Saturday, August 1, 2009

Harry Potter and the Half-Baked Piece

Aside from the false setup of the lede of this story, which misstates what the professor said, I really think we ought to look at our own actions and quality of work before worrying about how we're portrayed in children's literature. A lot of very good bloggers and other critics are ripping into us every day and we ought to be paying attention to their comments instead of being defensive. If we're right, then stand up. If we're wrong, we need to fix things.

A weak moment of kindness, which doesn't happen often, led me to remove the byline.

Baylor University professor says Harry Potter books may give children negative view of journalism

Could Harry Potter be to blame for the struggling newspaper industry?

No, but a recent study by Baylor University journalism senior lecturer Amanda Sturgill indicates that the immensely popular JK Rowling series of books is not helping.

Sturgill and two others — Jessica Winney of the University of Houston-Clear Lake and Baylor’s Tina Libhart — analyzed all the quotes in the first six books of the series that made any mention of media, including newspapers, magazines, radio and textbooks.
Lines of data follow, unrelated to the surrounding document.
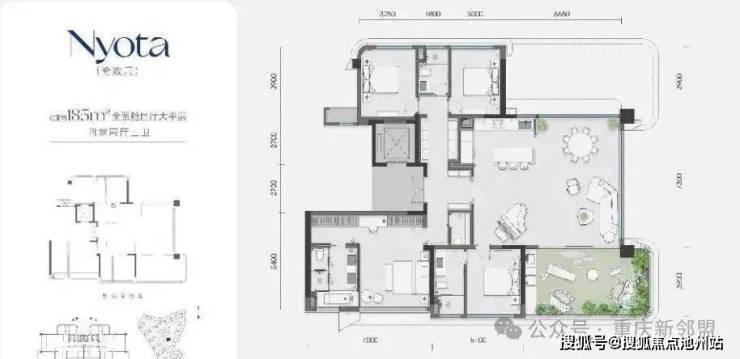 户型:建面125㎡+露台22㎡ 四房二厅两卫
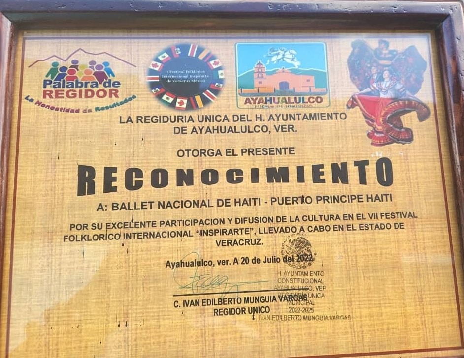 El Ballet folklorique du Théâtre national d’Haïti recibió un diploma de “Reconocimiento” tras su participación en el Festival folklórico internacional InspirArte de Veracruz, México, que tuvo lugar del 18 al 23 de julio en los municipios de Coatepec, Xico, Ayahualulco y Xalapa.
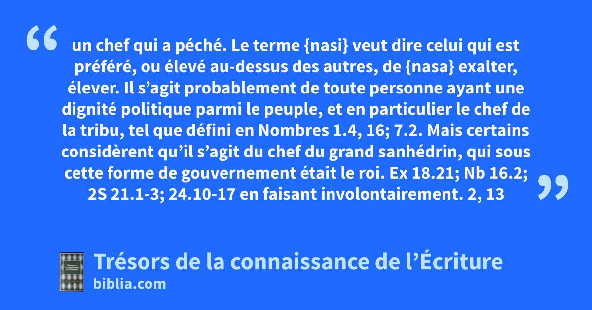 un chef qui a péché. Le terme {nasi} veut dire celui qui est préféré, ou élevé au-dessus des autres, de {nasa} exalter, élever. Il s’agit probablement de toute personne ayant une dignité politique parmi le peuple, et en particulier le chef de la tribu, tel que défini en Nombres 1.4, 16; 7.2. Mais certains considèrent qu’il s’agit du chef du grand sanhédrin, qui sous cette forme de gouvernement était le roi. Ex 18.21; Nb 16.2; 2S 21.1-3; 24.10-17 en faisant involontairement. 2, 13
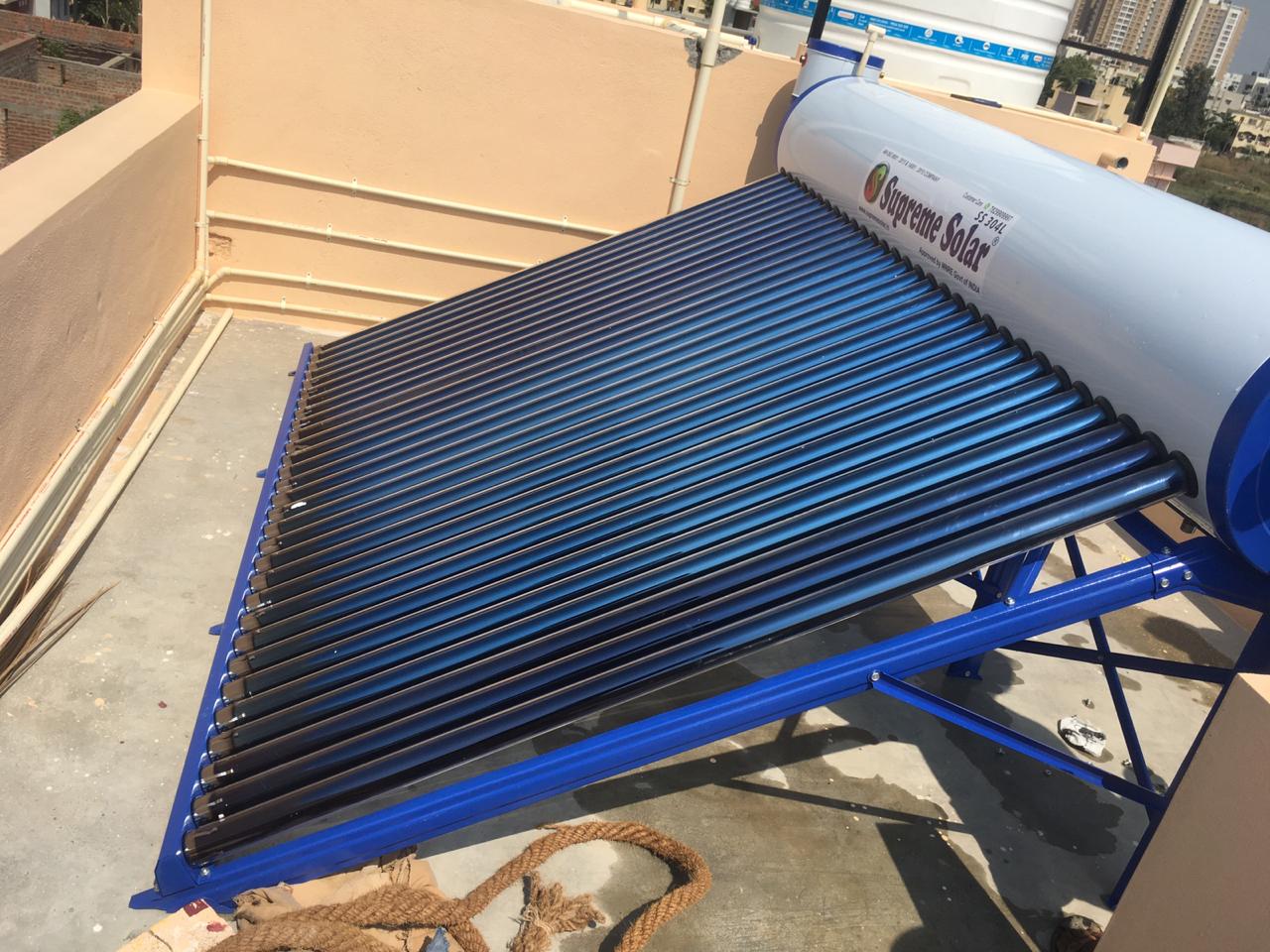 Heat pump solar water heater give you 24hours hot water regardless of weather conditions. here is a video which we have installed in bangalore.
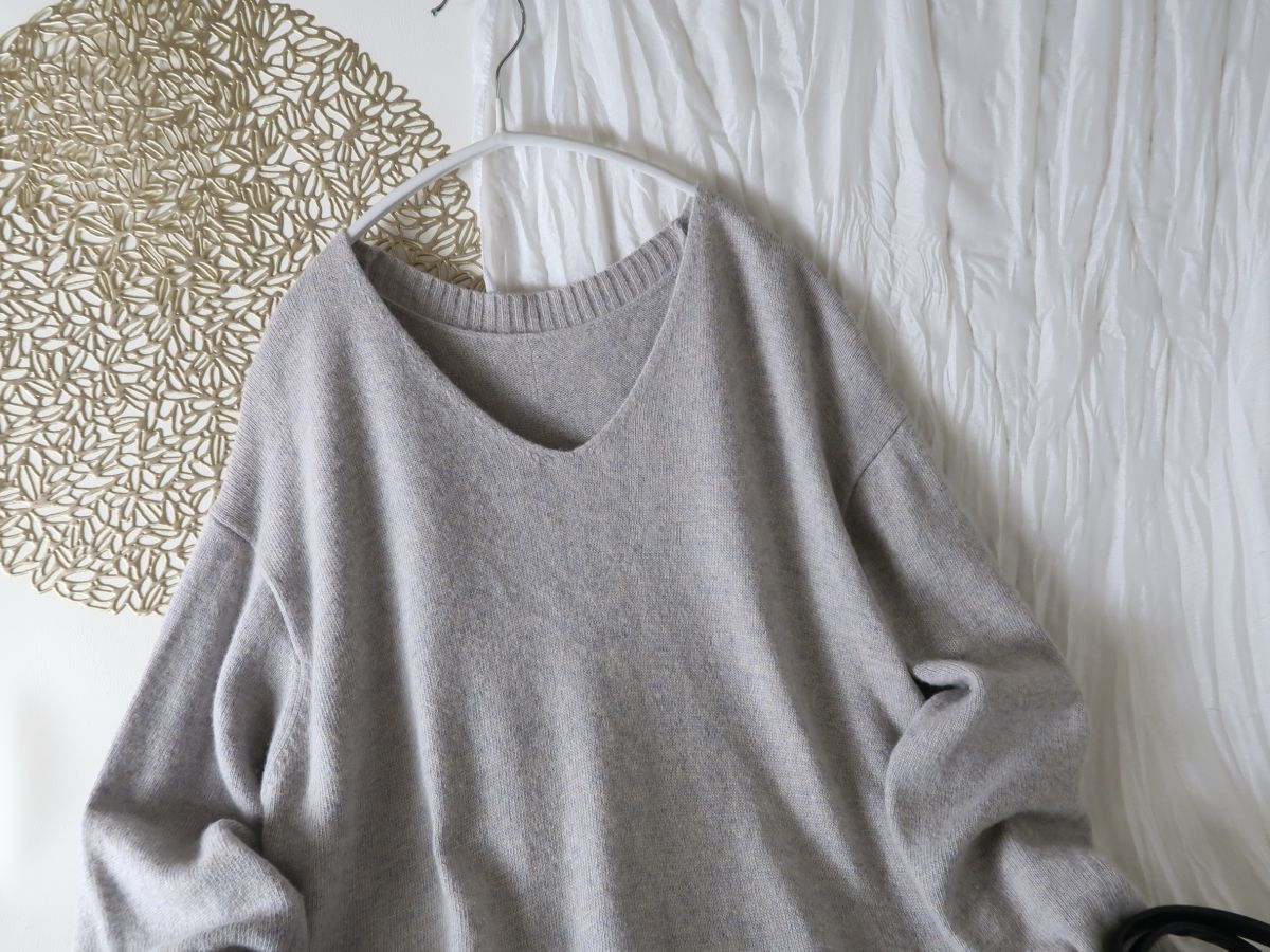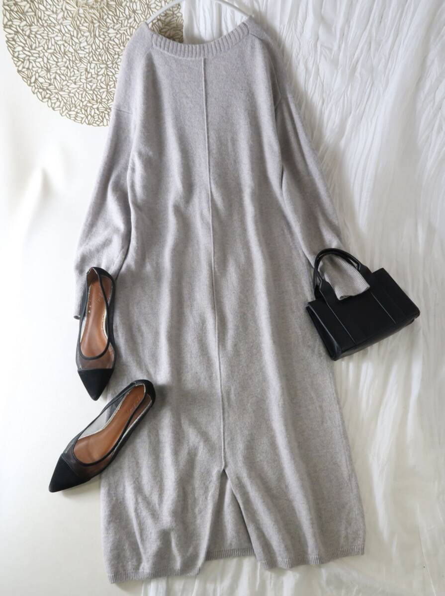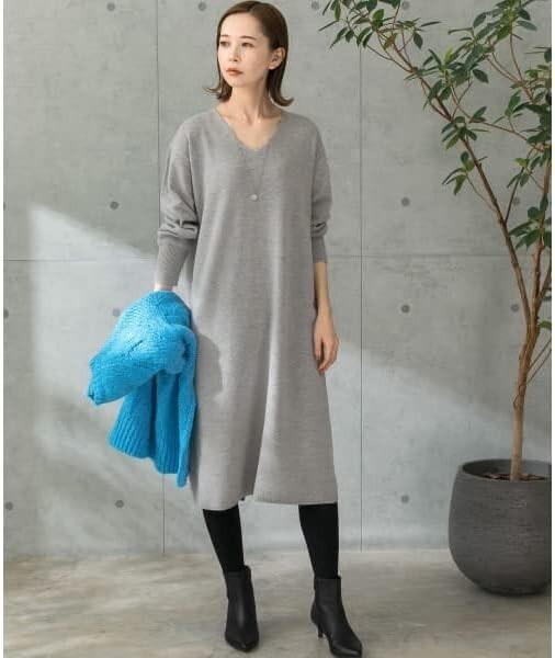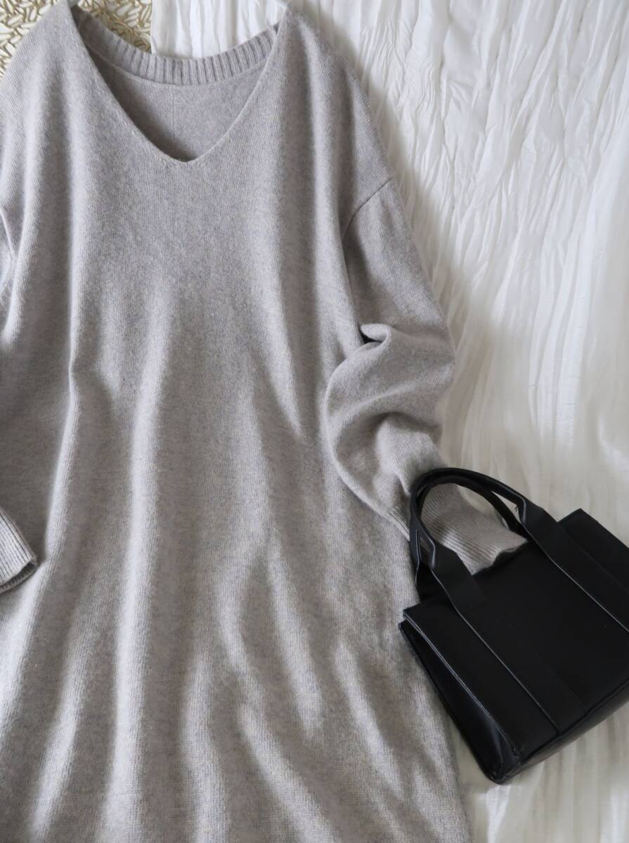 【上質素材で気品を放つ、カシミヤ混ラムウールVネックニットワンピース】
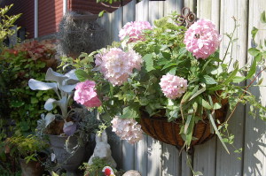 ✩紫陽花「霧島の恵み」のハンキング&寄せ植え
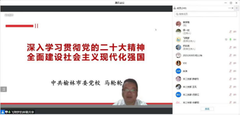 11月16日,新葡的京集团35222vip“学习宣传贯彻党的二十大精神”专家辅导报告迎来第二讲,邀请榆林市委党校马轮轮老师作专题辅导报告,学院全体师生党员参加了线上学习,报告由学院党委书记乔彩燕主持。
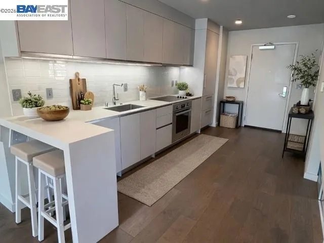 Modern and luxurious fifth-floor, two-bedroom condominium at Sutter North, in the heart of Polk Gulch. Residence 505 features a sleek contemporary kitchen with Italian cabinetry and high-end appliances, complemented by floor-to-ceiling windows that fill the space with natural light. Wide-plank walnut flooring and thermal radiant heating provide both style and comfort throughout. The spa-inspired bathroom showcases floor-to-ceiling Amalfi ceramic tile and a Duravit soaking tub. Additional highlights include an in-unit Bosch stackable washer and dryer, plus a deeded patio with marine-style IPE wood decking—perfect for indoor-outdoor living. A rare opportunity to own a sophisticated, move-in-ready home with premium finishes in a desirable location. The building has secured indoor bicycle storage and secured package delivery room.
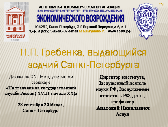 Профессор А.Н. Асаул представил доклад о жизни и творчестве выдающегося зодчего Санкт-Петербурга Н.П. Гребёнки.
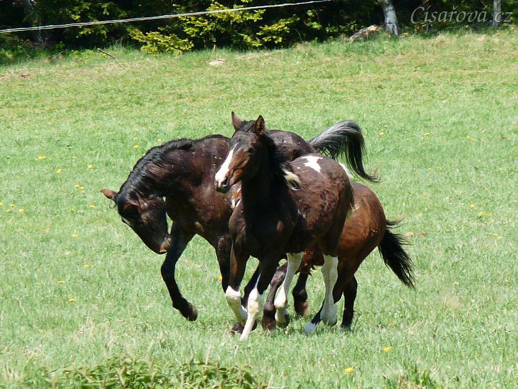Mladí hřebci na pastvině
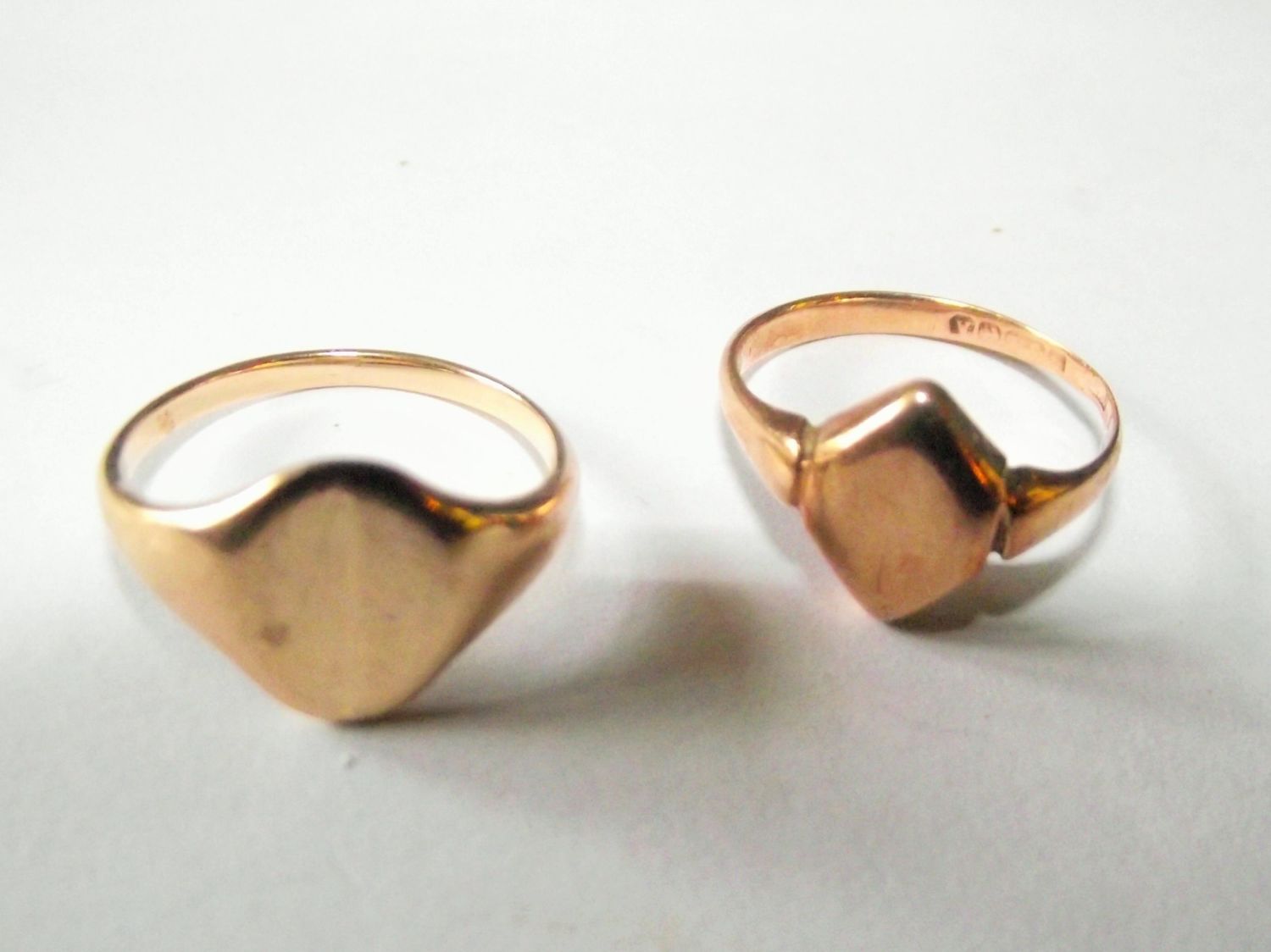 Ladies & gentlemans 9ct signet rings ladies size L gents size M 4.5g approx.
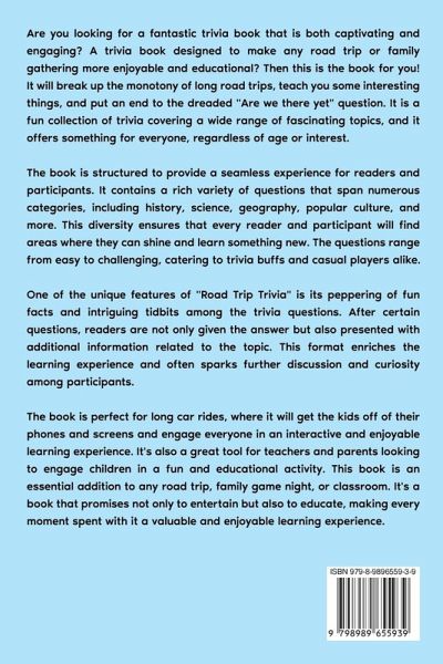 Are you looking for a fantastic trivia book that is both captivating and engaging? A trivia book designed to make any road trip or family gathering more enjoyable and educational? Then this is the book for you! It will break up the monotony of long road trips, teach you some interesting things, and put an end to the dreaded "Are we there yet" question. It is a fun collection of trivia covering a wide range of fascinating topics, and it offers something for everyone, regardless of age or interest. The book is structured to provide a seamless experience for readers and participants. It contains a rich variety of questions that span numerous categories, including history, science, geography, popular culture, and more. This diversity ensures that every reader and participant will find areas where they can shine and learn something new. The questions range from easy to challenging, catering to trivia buffs and casual players alike. One of the unique features of "Road Trip Trivia" is its peppering of fun facts and intriguing tidbits among the trivia questions. After certain questions, readers are not only given the answer but also presented with additional information related to the topic. This format enriches the learning experience and often sparks further discussion and curiosity among participants. The book is perfect for long car rides, where it will get the kids off of their phones and screens and engage everyone in an interactive and enjoyable learning experience. It's also a great tool for teachers and parents looking to engage children in a fun and educational activity. This book is an essential addition to any road trip, family game night, or classroom. It's a book that promises not only to entertain but also to educate, making every moment spent with it a valuable and enjoyable learning experience.
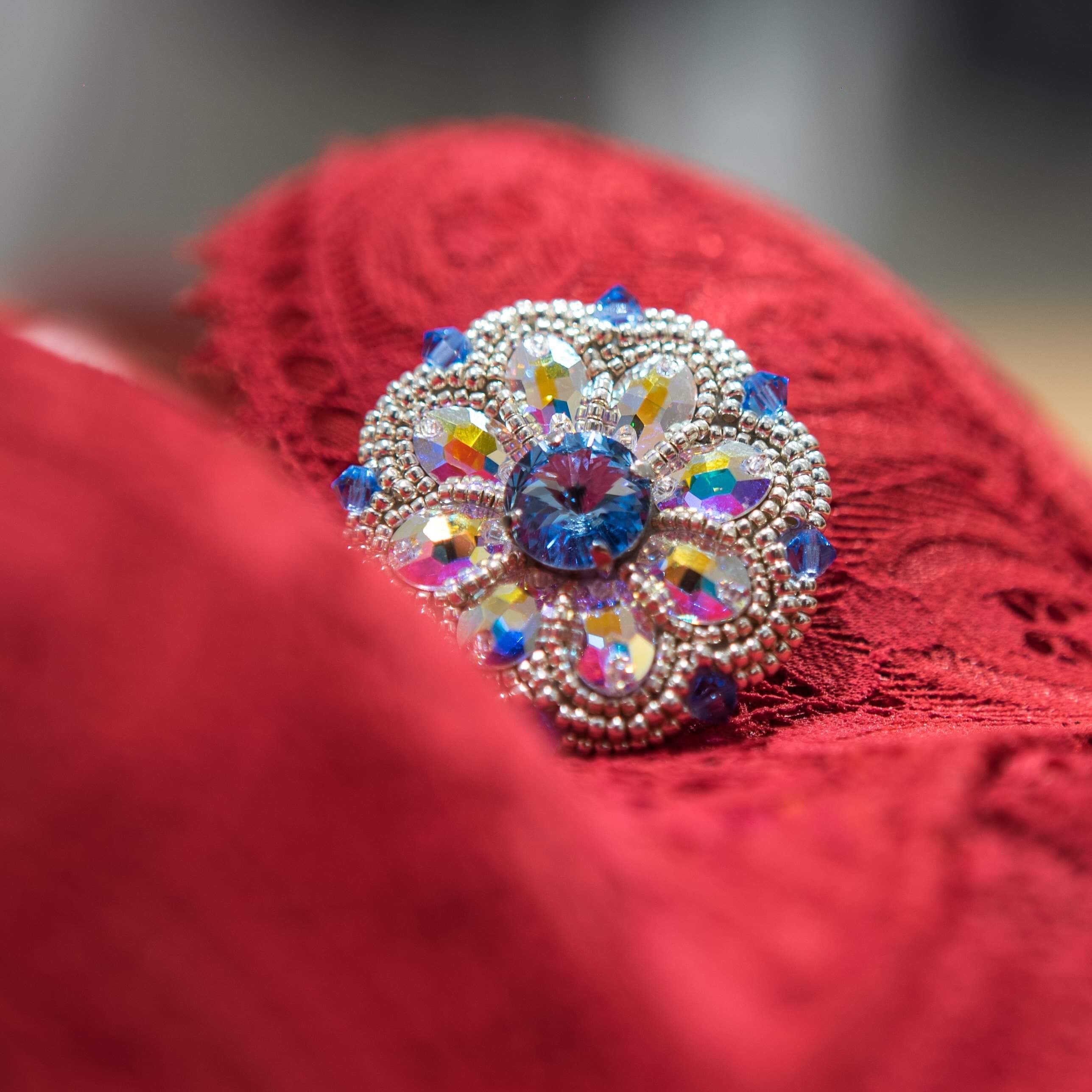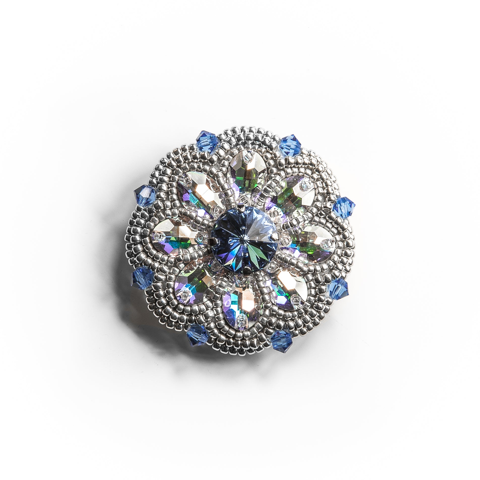 This stunning piece features a 4.5 cm diameter and is crafted with magnificent Swarovski crystals and individually embroidered Miyuki beads. Weighing less than 15 grams, this lightweight brooch can be comfortably worn even on delicate fabrics like silk.
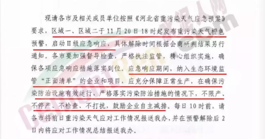 河北省大氣污染防治工作領導小組辦公室通知文件稱要求區域一(石家莊、保定、衡水、邢臺、邯鄲、定州、辛集、雄安新區)、區域二(唐山、廊坊、滄州、秦皇島)將于11月20日18時起發布重污染天氣橙色預警,啟動II級應急響應。應急響應期間,納入生態環境監管“正面清單”的企業和項目,應充分保障正常生產,在確保污染防治設施有效運行、嚴格落實污染防治措施的情況下,不限產、不停產、不檢查、不打擾,鼓勵企業自主減排。

What they found is that the books largely “present an unnecessarily pessimistic view of journalism today,” Sturgill said.

And, Sturgill says, because books children read, whether fiction or nonfiction, can play a powerful role in helping children learn about the world around them, there is a good chance that the negative portrayal of journalists in Rowling’s books could sway their perception of the field.

There was an example here and there of positive portrayals of journalists, Sturgill said, but those mostly involve The Quibbler, a tabloid that doesn’t really represent mainstream media.